Increment of chemokine CXCL9/Mig in plasma correlated with acute graft-versus-host disease after allogeneic hematopoietic stem cell transplantation.
- Author:
Lin-Hua JI
1
;
Han-Yun REN
;
Yong-Jing SHI
;
Xi-Nan CEN
;
Zhi-Xiang QIU
;
Jin-Ping OU
;
Wei-Lin XU
Author Information
1. Department of Hematology, Beijing University First Hospital, Beijing 100034, China.

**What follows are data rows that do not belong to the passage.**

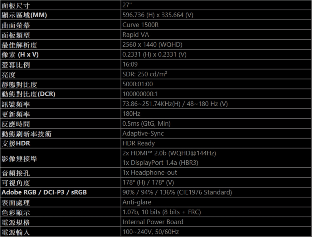 | 產品定位 | 看片/追劇首選, 電競Gamer必買, 曲面全景視覺, 健康護眼款 |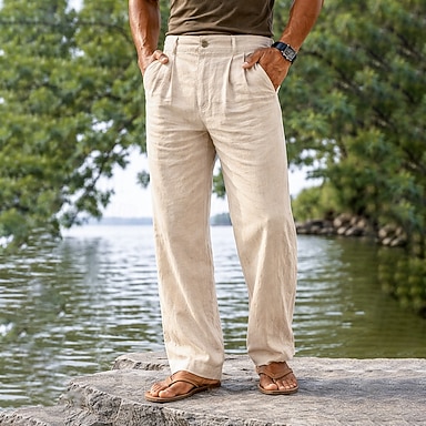 Miesten Pellavahousut Housut Puvunhousut Kesähousut Edessä tasku Laskokset Suora jalka Tavallinen Mukavuus Hengittävä Täyspitkä Muodollinen liiketoiminta Päivittäin Muoti Perus Vihreä+harmaa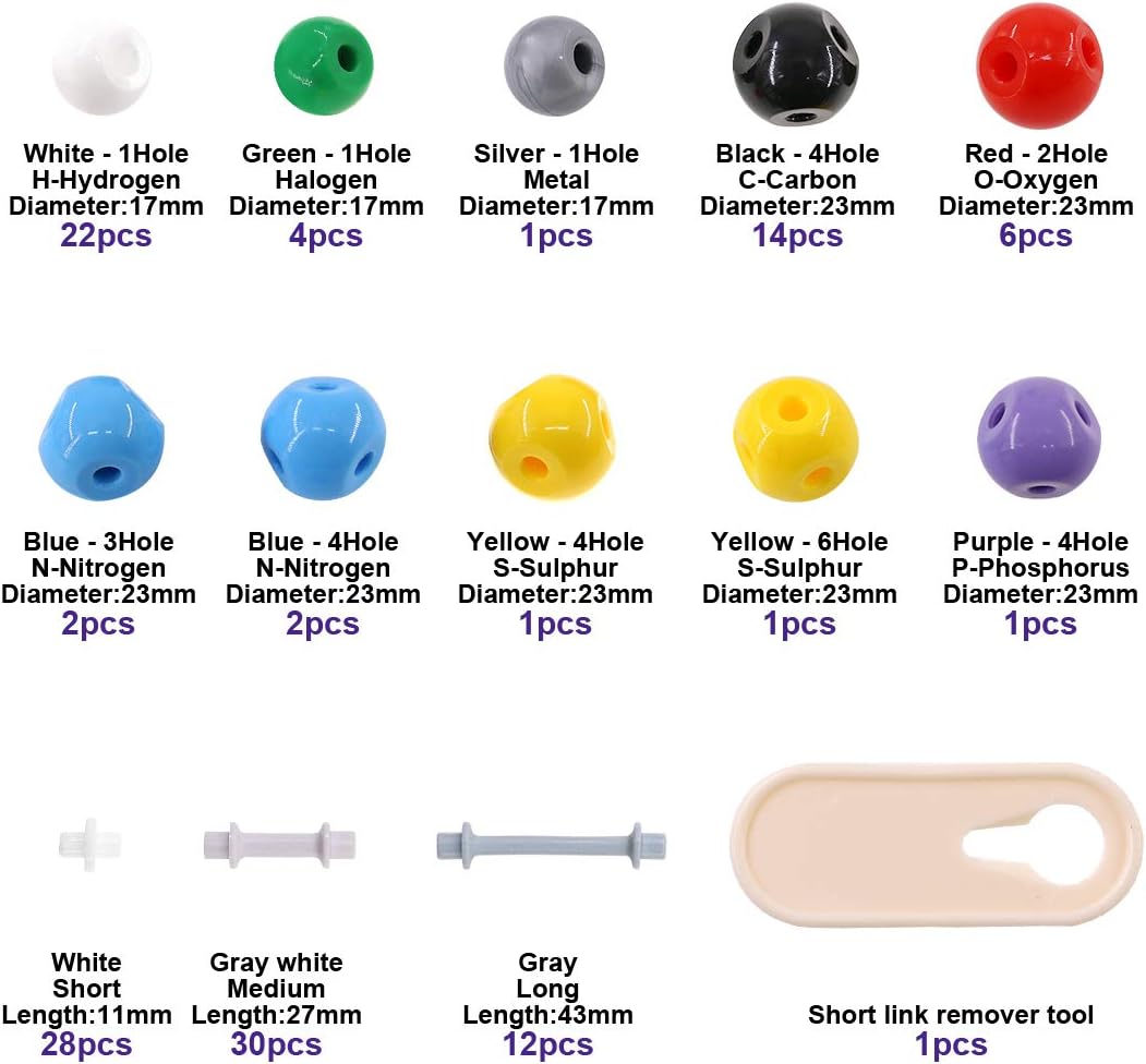- ★ MOLECULE SCIENCE IN 3D --- We have prepared 125 Pcs molecular model set for you, This model contains C, H, O, N, P, S, Halogen, and other metals and a variety of single and double bonds, long bonds, long keys. Can be put high school, university chemistry in most of the organic or inorganic molecular structure model for the study of experimental operation.

- Publication Type:Journal Article
- MeSH:
Chemokine CXCL9;
blood;
Graft vs Host Disease;
blood;
Hematopoietic Stem Cell Transplantation;
adverse effects;
Humans
- From:
Journal of Experimental Hematology
2006;14(6):1200-1203
- CountryChina
- Language:Chinese
-
Abstract:
To investigate the relationship between the plasma levels of chemokine CXCL9/Mig and acute graft-versus-host disease (aGVHD) after allogeneic hematopoietic stem cell transplantation (allo-HSCT). The plasma levels of CXCL9/Mig of 35 patients who received all-HSCT were detected by using ELISA assay, these patients included 13 patients with grade 0-I, 12 patients with grade II and 10 patients with grade III - IV aGVHD, respectively. The four different time points including prior to allo-HSCT, one week before aGVHD onset, the plateau of aGVHD and time after completely controlled, were studied. The results showed that the plasma levels of CXCL9/Mig in the patients with serious aGVHD (grade II - IV) were significantly increased during aGVHD than those in the patients without aGVHD or with slight aGVHD (P < 0.001). It was found that CXCL9/Mig levels were significantly correlated with the severity of grade aGVHD (P < 0.001). Another important finding was that CXCL9/Mig levels obviously increased at one week before aGVHD was diagnosed. CXCL9/Mig level was not obviously correlated with CMV infection or other infectious complication (P > 0.05). It is concluded that the plasma level of CXC19/Mig significantly correlated with the severity of aGVHD and plays a critical role in pathogenesis of aGVHD, the changes in plasma level of CXCL9/Mig after allo-HSCT may be used as a valuable indicator for early diagnosis of aGVHD, finally, provide a early therapeutic approach to reduce aGVHD severity and improve the outcome for patients after allo-HSCT.